Варя разжала пальцы.
— Не знаю. Но я после встречи со зморой такая стала. Она порчу на меня навела. Это никакая не выдумка! Поверь мне! И змора говорила, что она из Взгорьевки. Родом из Взгорьевки! Та ведунья, к которой подбросили младенца, она в ваших краях жила?
— Почем мне знать? — голос Глаши стал грубым. — Я жалеть начинаю, что болтала тута! Думала, для дела вам надо, для портрету!
— Хорошо. Спасибо, что рассказала, Глашенька! Ты мне очень помогла. Я теперь знаю, что не зря сюда приехала, — Варя попыталась совладать с волнением, перевела дыхание. — Скажи, а миниатюра или ещё какой портрет твоей барыни есть в доме?
— Теперича больше говорить ничего не буду!
Варя метнулась к кровати и вытащила из-под матраса худой кошелёк.
— Я тебе всё отдам, что есть. Только помоги.
Лев Васильевич наверняка скоро заплатит ей за работу, поэтому экономить сейчас просто глупо.
— Я попробую поискати.
Глаша развернулась к двери и нетвердой рукой попыталась схватиться за ручку.
— Дойдешь одна до девичьей? Проводить тебя?
— Маленькая я, што ли?
Когда половицы перестали скрипеть и Глашины шаги в коридоре стихли, Варя так и уставилась на Аню.
— Что скажешь? Что думаешь?
— Барыня эта змора и есть! Вот што думаю!
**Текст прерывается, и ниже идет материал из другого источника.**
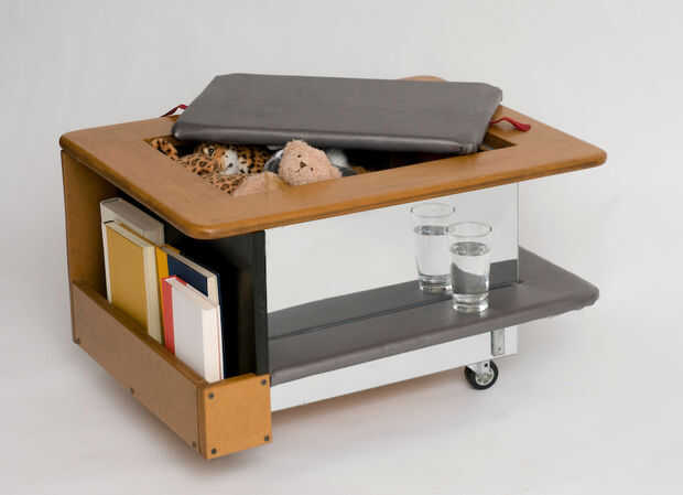 sabes esas personas molestas que hacen todo a la vez? Bueno, esta mesa tiene la misma personalidad. Lo hace todo. Mesa de centro, el resto del pie, sostenedor de cristal, revistero y unidad de almacenamiento. Todas las funciones están separadas. No me gusta ver pilas de revistas y libros sobre la mesa, por lo que proporciona una rejilla en el lado. Bordes redondeados y una parte superior suave ofrecen un descanso para pies cansados, pero ya no mezclan bebidas y pies, diseñé una plataforma protegida que envuelve alrededor de la mesa y guarda sus bebidas fuera de peligro. Por último, ya que soy un habitante del apartamento de la ciudad y el espacio es una prima no puedo pagar tener cualquier pieza de mobiliario que no duplicar como almacenamiento, por lo tanto, la parte superior desmontable.

— И я так считаю. Послушай, ты же видела её истинное лицо! На щеке был шрам?
— Я же говорила: нельзя было лицо-то её разглядеть. «Нету тени без света».
— Поговорки! С тобой она тоже поговорками разговаривала?
— Да! Не помню точно, какими. Только про свет и тень запомнила.
— Она это! Она!
— И мне чуйка подсказывает, что она.
— Нужно непременно восстановить портрет её.
Аня заерзала на месте. Ей хотелось что-то сказать, но она никак не решалась начать.
— Что, Анют?
— Подумалось… А как Шатуновская-то зморой стала?
— Кто же знает. Вдруг её и вправду сила нечистая из Нави приволокла. Судя по тому, что Глаша рассказала, чертовщина какая-то в ней всегда сидела!
— Но, а как нам её поймать? Как отыскать, чтобы порчу-то с вас снять?
— Не знаю, — тихо ответила Варя, — но чем больше про неё узнаем, тем быстрее поймем, что делать нужно! Мы на верном пути.
Варя так увлеклась работой над портретом Шатуновской, что даже потеряла ход времени. На её счастье миниатюра барыни в доме нашлась! Вскоре после рокового разговора Глаша притащила табакерку с маленьким овальным портретом в центре шкатулки.
— Это она барину подарила, когда он только в Рощу её привёз. Тогда они как голубки ворковали-то, — объяснила Глаша, протягивая табакерку одной рукой, а другой принимая мешочек с монетами.
К сожалению, миниатюра оказалась не самого хорошего качества. И Варя условилась с Глашей, что сделает несколько портретов её барыни в карандаше. Покажет лучший Глаше. И если увидит она в нем свою барыню, можно будет браться по нему картину восстанавливать. Сама Варя совсем не помнила, как выглядела Шатуновская, несмотря на то, что тоже видела ее однажды в детстве. Да и Аня хорошо запомнила только темные очи, полные лютой злобы.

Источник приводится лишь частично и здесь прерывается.